Task requirements: Please copy, exactly as written, the span from the first line below to the line that contains "后来从围蔽的铁门空隙处进入到", including both, and skip the pictures.

Data extract section start

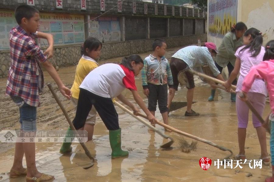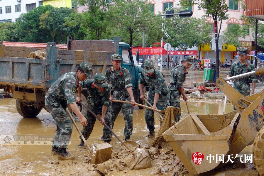 武警官兵、环卫人员等在凤山城区街道清理淤泥。(摄影:李枭)
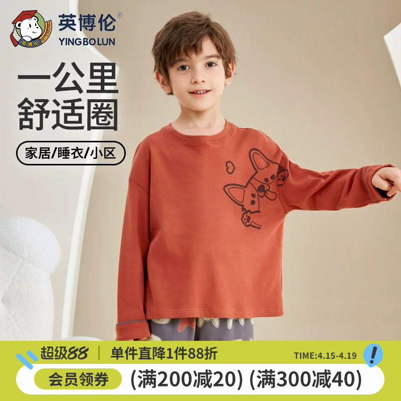 英博伦男童家居服套装2026新款男孩纯棉长袖春秋季套头中大童睡衣
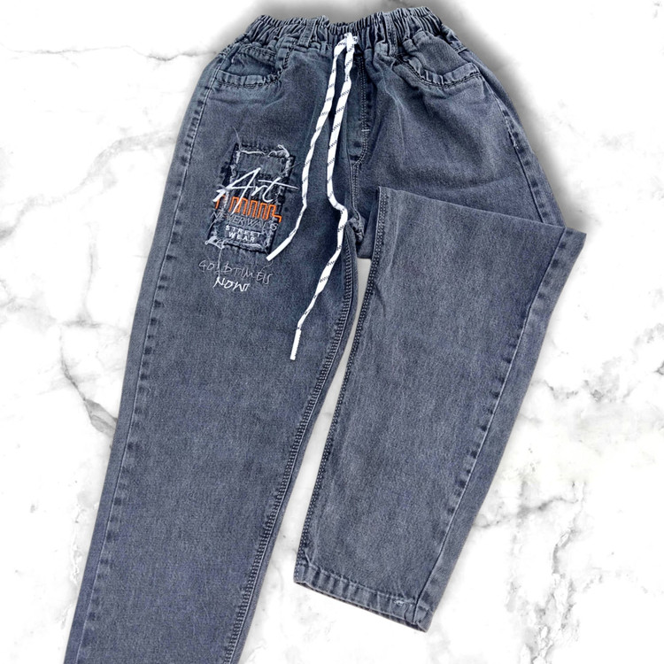 شلوار لی مام فیت دلتا رنگ طوسی گلدوزی شده سایز 90
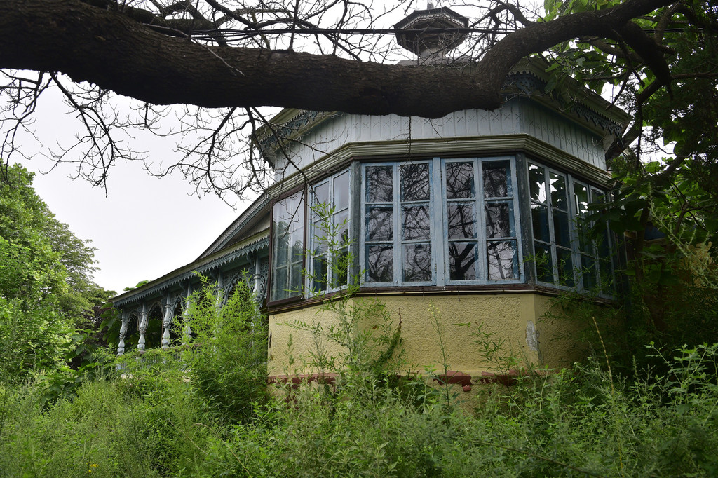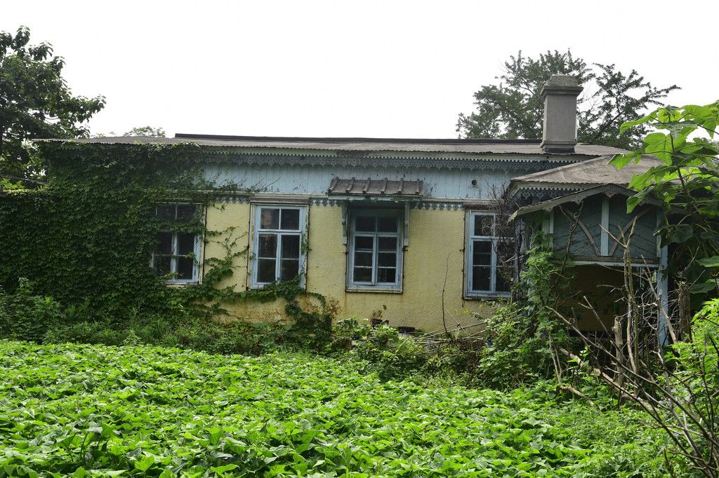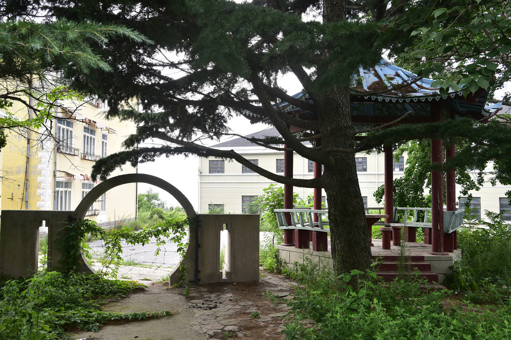 后来从围蔽的铁门空隙处进入到围蔽里面,该处是一个小山头,上面建了几栋四五层高的别墅,前面建了一个六角亭,坐在亭子里面喝茶望海,可是十分惬意。感觉这些建筑都是后来人搞的,溥仪那个时候应该没有,因为完全没有帝王之气,四周都是一片番薯苗、小黄瓜的菜园子。其实在溥仪楼靠海的地方还有一个亭子,和一般居民社区的休闲亭一样,可以坐在里面打牌下棋,但是现在完全荒废杂草丛生,据说曾经是军队疗养院,现在已经完全废弃。在婉容楼里面透过玻璃还看到有一张台球桌,但肯定不是皇后玩过的台球桌。
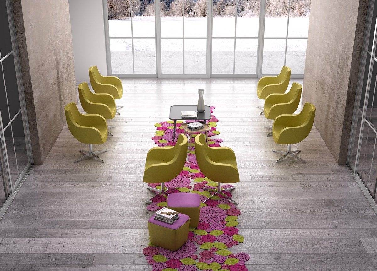 Victoria es la síntesis de diseño orgánico y privacidad acústica. Inspirada en la icónica Egg Chair, genera un "efecto cocoon" protector en recepciones y zonas lounge. Su mesa auxiliar giratoria integrada maximiza la funcionalidad para el usuario. Una pieza clave para el sector contract que busca exclusividad, confort sonoro e identidad visual.
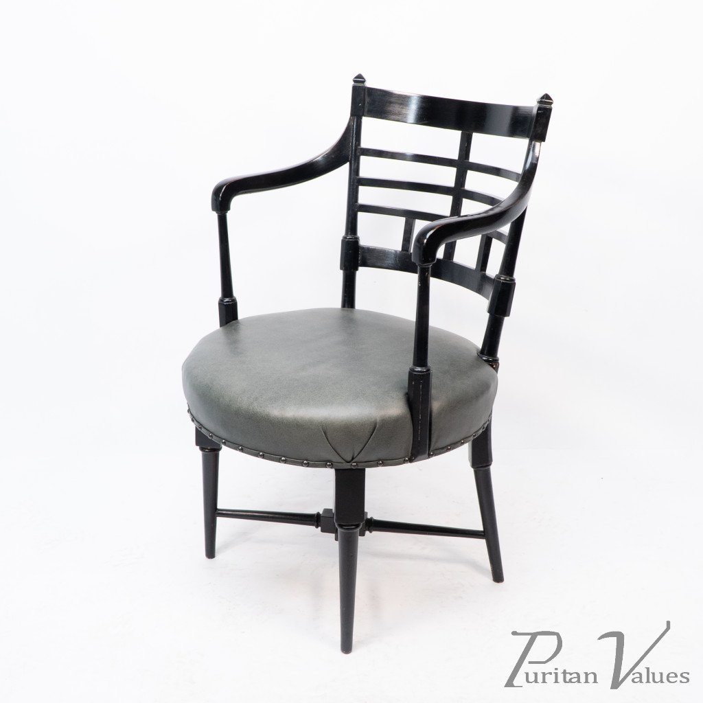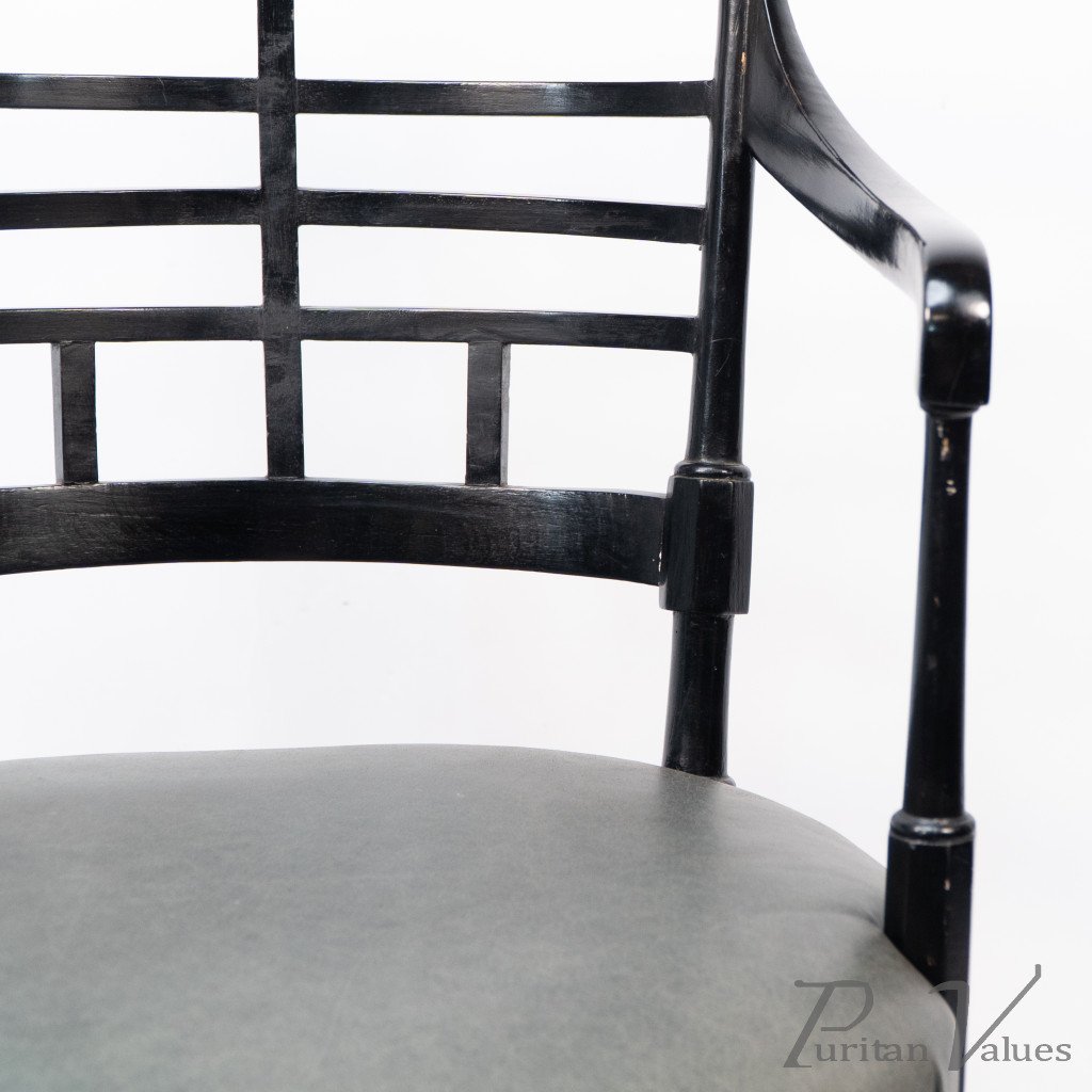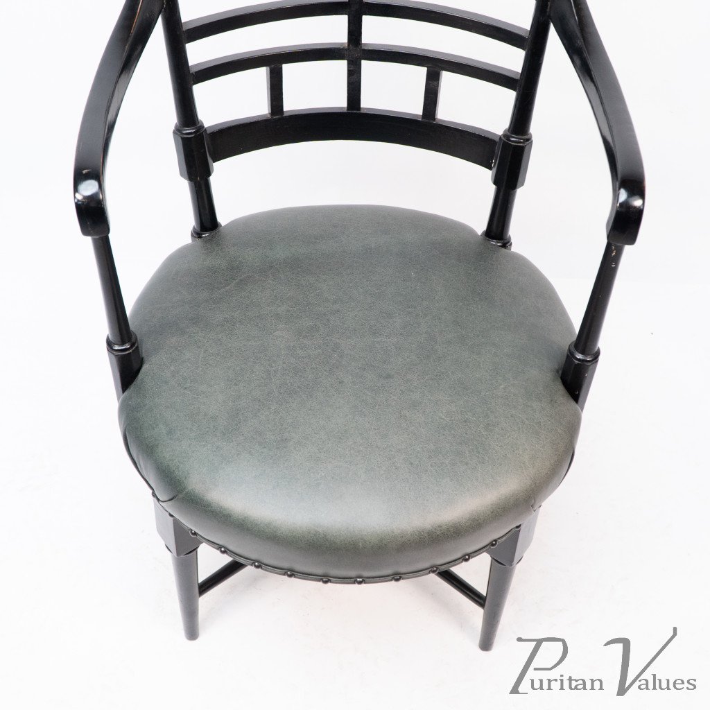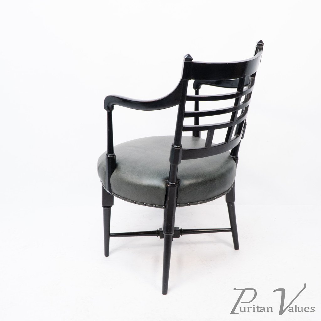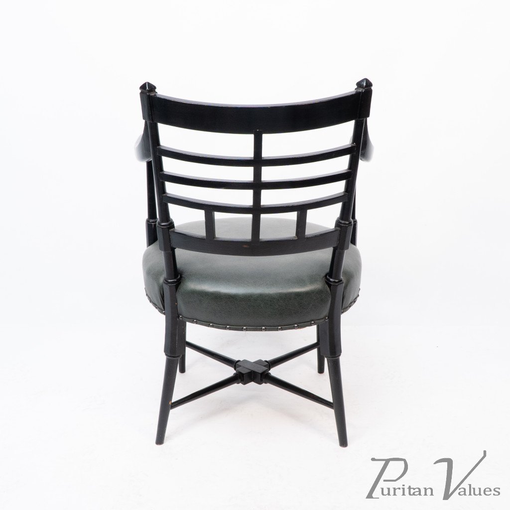 An Anglo-Japanese Old English or Jacobean ebonized armchair. See Susan Webber Soros, The Secular Furniture of E. W. Godwin, Illustration 109 for a cane-seat version. We also have another.
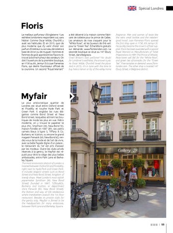 Myfair Le plus aristocratique quartier de Londres est situĂ© entre Oxford street et Picadilly et touche Hyde Park et Green Park. Il englobe les rues Ă©lĂ©gantes comme Bond Street et New Bond street, lesquelles attirent les boutiques de mode les plus en vue. RĂ©tro moderne, on y trouve le papetier le plus chic, Smythson (40, New Bond St), maison fondĂ©e en 1887 (Ah, ses petits carnets bleus Ă ligne !), Tiffany & Co, Burberry et Vuitton, ou encore le grand magasin Fenwick (60, New Bond st), rendez-vous de la mode et de lâart de vivre, avec sa belle façade digne dâun palace ; le restaurant du 1er est pris dâassaut par les modeux. Outre les clubs privĂ©s rĂ©servĂ©s Ă la gentry, le Mayfair est rĂ©putĂ© pour ĂȘtre le siĂšge des plus belles ambassades, entre Park Lane et Berkeley Square. The most aristocratic district of London is located between Oxford St and Piccadilly, right next to Hyde Park and Green Park. It includes elegant streets such as Bond Street and New Bond Street, kingdom of trendy shops. Meet Londonâs most stylish papermaker Symthson (40, New Bond Street) founded in 1887, Tiffany&Co, Burberry and Vuitton, or department store Fenwick (60, New Bond Street), the fashion and way of life rendezvous where trendsetters assault the 1st floor restaurant. Besides its private clubs for the gentry only, Mayfair is famed to be the headquarters for many embassies, between Park Lane and Berkeley Square.
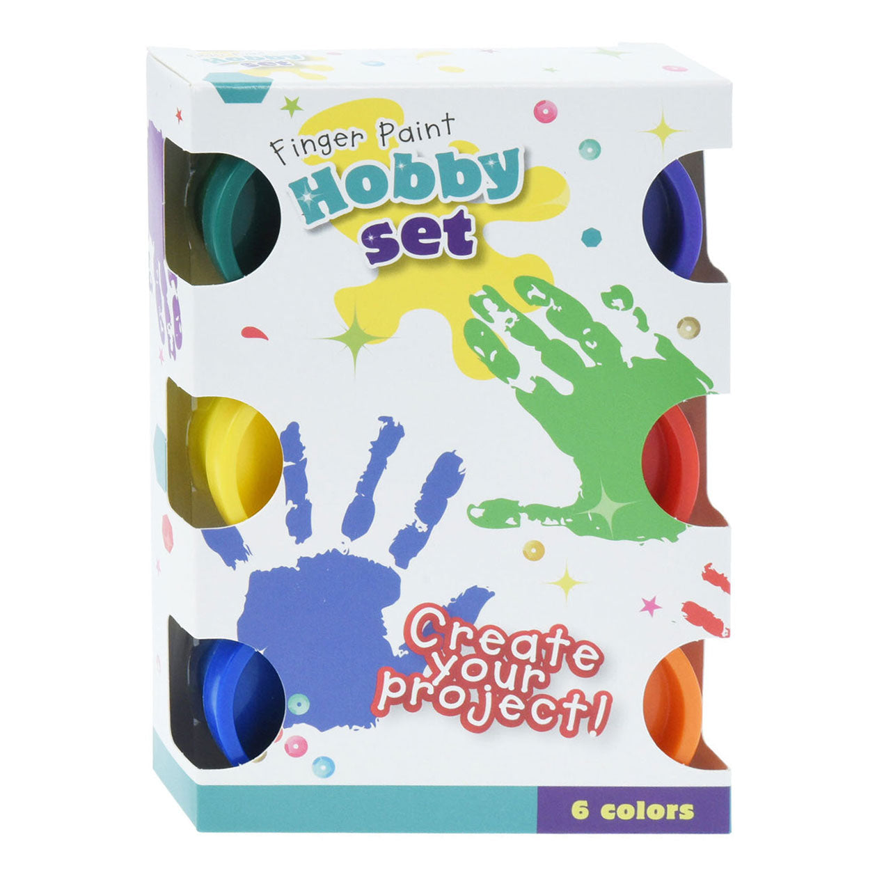 Vingerverfset met 6 potjes verf, elk met een inhoud van 30ml.
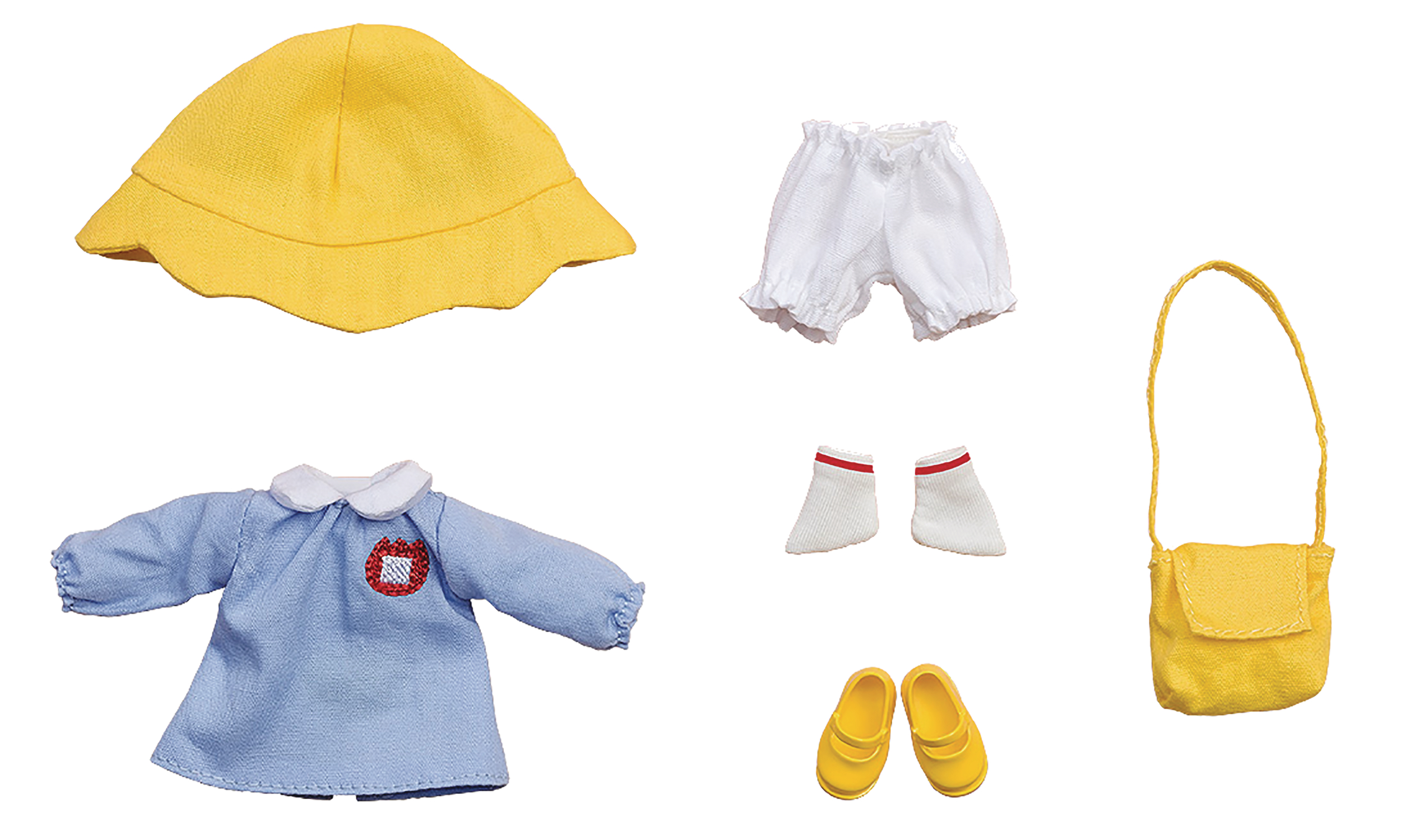 From Good Smile Company. An outfit set for use with your Nendoroid Dolls! Mix and match with your Nendoroid Dolls! This set contains: A Hat, Bag, Smock, Undergarments, Socks, and Shoes. (With Magnets in Soles)
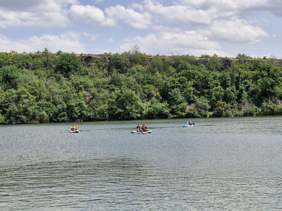 В пятницу 13го, несмотря на суеверия, провели мероприятие проекта Фонда президентских грантов "Водный мир 2" в хуторе Большая Федоровка. здесь есть большой живописный карьер, где в юности мы ловили рыбу и раков. После теоретического занятия, где мы изучили конструкцию САП-борда, электромотор, правила пользования ими и меры безопасности при выполнении сплавов на САПах, приступили к их подготовке для сплава. Трудились все 🙂 На фото два Сергея 🙂 Девушки надевают гидрокостюмы. Юная Полина к сплаву готова! Первый пошёл! Вначале мы поплавали без моторов. Ведь не все ранее были знакомы с САПами. На САПе можно плавать и вдвоём! После небольшой разминки установили моторы. Крепим пульт управления. Фотографии не передадут скорость передвижения на САПе с мотором, поэтому в следующий раз мы прикрепим на нос САП-борда экшн-камеру. Занятия прошли успешно, освоили СА-борд и передвижение на нём с мотором. Нам усердно помогали советник директора по воспитанию и взаимодействию с детскими общественны

Data extract section end

Your solution:
 武警官兵、环卫人员等在凤山城区街道清理淤泥。(摄影:李枭)
 英博伦男童家居服套装2026新款男孩纯棉长袖春秋季套头中大童睡衣
 شلوار لی مام فیت دلتا رنگ طوسی گلدوزی شده سایز 90
 后来从围蔽的铁门空隙处进入到围蔽里面,该处是一个小山头,上面建了几栋四五层高的别墅,前面建了一个六角亭,坐在亭子里面喝茶望海,可是十分惬意。感觉这些建筑都是后来人搞的,溥仪那个时候应该没有,因为完全没有帝王之气,四周都是一片番薯苗、小黄瓜的菜园子。其实在溥仪楼靠海的地方还有一个亭子,和一般居民社区的休闲亭一样,可以坐在里面打牌下棋,但是现在完全荒废杂草丛生,据说曾经是军队疗养院,现在已经完全废弃。在婉容楼里面透过玻璃还看到有一张台球桌,但肯定不是皇后玩过的台球桌。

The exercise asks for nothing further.